## Task details
Write out an exact copy of the line containing "Workflow for an" and all lines that follow it in the data below, leaving out pictures.

## Data block
**********

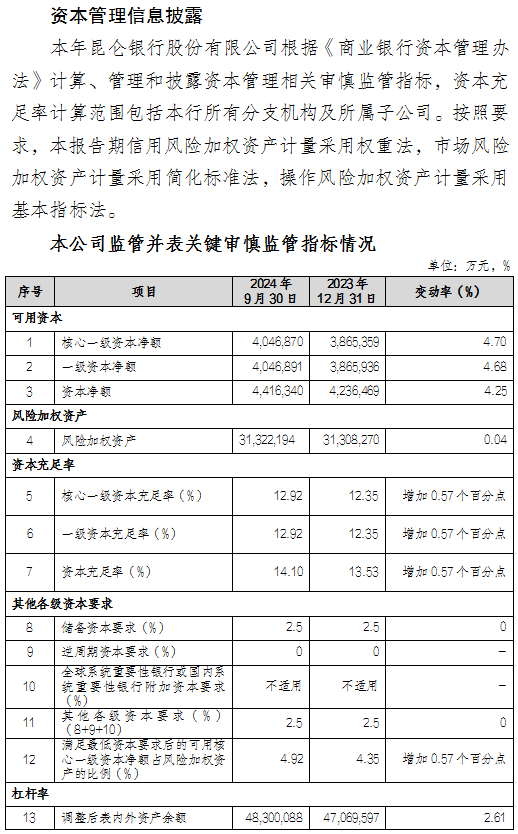 昆仑银行股份有限公司2024年3季度信息披露
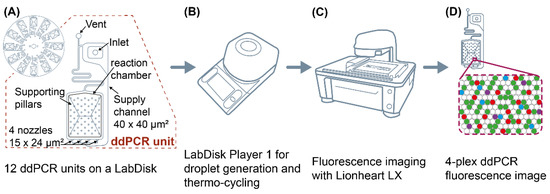 Workflow for an automated four-plex digital droplet polymerase chain reaction (ddPCR) in a LabDisk. (A) LabDisk with 12 identical ddPCR units. Each unit consisted of an inlet, a venting structure, a supply channel, a reaction chamber with supporting pillars and four nozzles for droplet generation by centrifugal step emulsification. (B) Droplet generation and thermocycling in LabDisk Player 1. (C) Fluorescence imaging with an automated Lionheart LX fluorescence microscope. (D) Four-plex ddPCR fluorescence image and data evaluation with Gen5 software to evaluate the assay performance.
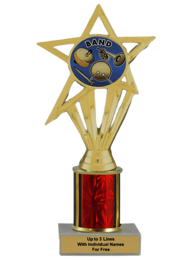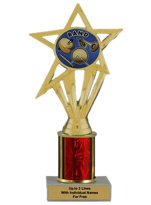 Our economy insert trophy features a real marble base, a 2-inch insert and up to 3 lines of free personalized engraving. Choice of 4 sizes and many column colors. Add up to three lines of text personalized engraving for free, including individual names! Topper: Band Insert. Ships from: Marquette, Michigan. SKU: band-e-single-i-tc.

**********

## Response area
 Workflow for an automated four-plex digital droplet polymerase chain reaction (ddPCR) in a LabDisk. (A) LabDisk with 12 identical ddPCR units. Each unit consisted of an inlet, a venting structure, a supply channel, a reaction chamber with supporting pillars and four nozzles for droplet generation by centrifugal step emulsification. (B) Droplet generation and thermocycling in LabDisk Player 1. (C) Fluorescence imaging with an automated Lionheart LX fluorescence microscope. (D) Four-plex ddPCR fluorescence image and data evaluation with Gen5 software to evaluate the assay performance.
 Our economy insert trophy features a real marble base, a 2-inch insert and up to 3 lines of free personalized engraving. Choice of 4 sizes and many column colors. Add up to three lines of text personalized engraving for free, including individual names! Topper: Band Insert. Ships from: Marquette, Michigan. SKU: band-e-single-i-tc.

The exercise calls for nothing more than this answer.